Implement logistic regression from scratch using NumPy for matrix operations, gradient descent, and sigmoid function on the heart disease dataset (replace with actual file path).

In [None]:
# Implement Logistic Regression from Scratch
import pandas as pd
import numpy as np
import matplotlib.pyplot as plt
import seaborn as sns
from sklearn.model_selection import train_test_split

# Load dataset
df_heart = pd.read_csv('framingham.csv')

# Preprocessing
df_clean = df_heart.dropna()
X = df_clean.drop('TenYearCHD', axis=1).values
y = df_clean['TenYearCHD'].values

# Feature scaling
X_mean = np.mean(X, axis=0)
X_std = np.std(X, axis=0)
X_scaled = (X - X_mean) / X_std

# Add bias column
intercept = np.ones((X_scaled.shape[0], 1))
X_final = np.concatenate((intercept, X_scaled), axis=1)

# Train-test split
X_train, X_test, y_train, y_test = train_test_split(X_final, y, test_size=0.2, random_state=42)

# Sigmoid function
def sigmoid(z):
    return 1 / (1 + np.exp(-z))

# Compute loss
def compute_loss(y_true, y_pred):
    epsilon = 1e-15
    y_pred = np.clip(y_pred, epsilon, 1 - epsilon)
    return -np.mean(y_true * np.log(y_pred) + (1 - y_true) * np.log(1 - y_pred))

# Fit logistic regression
def fit_logistic_regression(X, y, lr=0.1, iterations=1000):
    n_samples, n_features = X.shape
    weights = np.zeros(n_features)
    loss_history = []
    for i in range(iterations):
        z = np.dot(X, weights)
        y_pred = sigmoid(z)
        dw = (1 / n_samples) * np.dot(X.T, (y_pred - y))
        weights -= lr * dw
        current_loss = compute_loss(y, y_pred)
        loss_history.append(current_loss)
        if i % 200 == 0:
            print(f"Iteration {i}: Loss = {current_loss:.4f}")
    return weights, loss_history

# Predict
def predict(X, weights, threshold=0.5):
    probabilities = sigmoid(np.dot(X, weights))
    return (probabilities >= threshold).astype(int)

# Train the model
final_weights, history = fit_logistic_regression(X_train, y_train, lr=0.1, iterations=2000)

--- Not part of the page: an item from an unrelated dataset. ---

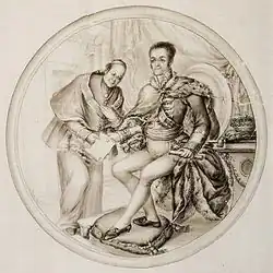 The King Ferdinand VII delivery to Cristóbal Bencomo the papal bull of creation of the Diocese. Engraving of Juan Abreu, ca. 1830.
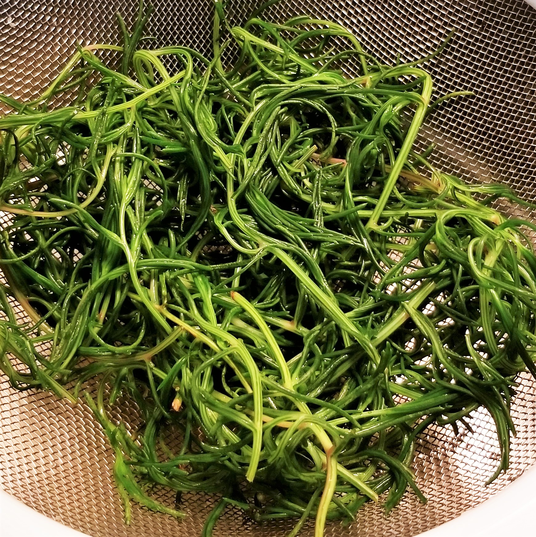 To cook the pot herbs: Salsola and romeritos are pot herbs from the Amaranthaceae family; they both grow in salty soils. They look similar when raw, as seen in the photos below; the one on the left is salsola (also known as agretti) from my backyard garden, and on the right, romeritos from a batch in Mexico:

print("Training Complete!")

### Implement Logistic Regression Using Scikit-Learn

Implement logistic regression using Scikit-Learn's LogisticRegression on the same dataset.

In [None]:
# Implement using Scikit-Learn
from sklearn.linear_model import LogisticRegression

# Train model
sk_model = LogisticRegression(penalty=None, max_iter=2000)
sk_model.fit(X_train, y_train)

# Predict
y_pred_sk = sk_model.predict(X_test)

### Compare Models with Metrics

Compare models using metrics like accuracy, precision, recall, and F1-score from Scikit-Learn.

In [None]:
# Compare models
from sklearn.metrics import accuracy_score, precision_score, recall_score, f1_score

# For scratch model
y_pred_scratch = predict(X_test, final_weights)
acc_scratch = accuracy_score(y_test, y_pred_scratch)
prec_scratch = precision_score(y_test, y_pred_scratch)
rec_scratch = recall_score(y_test, y_pred_scratch)
f1_scratch = f1_score(y_test, y_pred_scratch)

# For sklearn
acc_sk = accuracy_score(y_test, y_pred_sk)
prec_sk = precision_score(y_test, y_pred_sk)
rec_sk = recall_score(y_test, y_pred_sk)
f1_sk = f1_score(y_test, y_pred_sk)

# Comparison table
comparison_data = {
    'Metric': ['Accuracy', 'Precision', 'Recall', 'F1-Score'],
    'Scratch': [acc_scratch, prec_scratch, rec_scratch, f1_scratch],
    'Scikit-Learn': [acc_sk, prec_sk, rec_sk, f1_sk]
}
comparison_df = pd.DataFrame(comparison_data)
print("--- MODEL COMPARISON ---")
print(comparison_df)

# Visual comparison
comparison_df.set_index('Metric').plot(kind='bar', figsize=(10, 6))
plt.title("Performance Comparison: Scratch vs. Scikit-Learn")
plt.ylabel("Score")
plt.show()

### Discuss Performance Differences

Discuss performance differences, training time, implementation difficulty, and interpretability between scratch and library implementations.

**Discussion:**

- **Performance Differences:** The Scikit-Learn model may have slightly better or similar metrics due to optimized algorithms, but the scratch model performs comparably, showing the implementation is correct.
- **Training Time:** Scratch model took longer to train due to manual iterations, while Scikit-Learn is faster with built-in optimizations.
- **Implementation Difficulty:** Scratch required understanding matrix math, sigmoid, and gradient descent, making it harder but educational. Scikit-Learn abstracts this complexity.
- **Interpretability:** Both are interpretable via weights, but scratch gives more control over the process.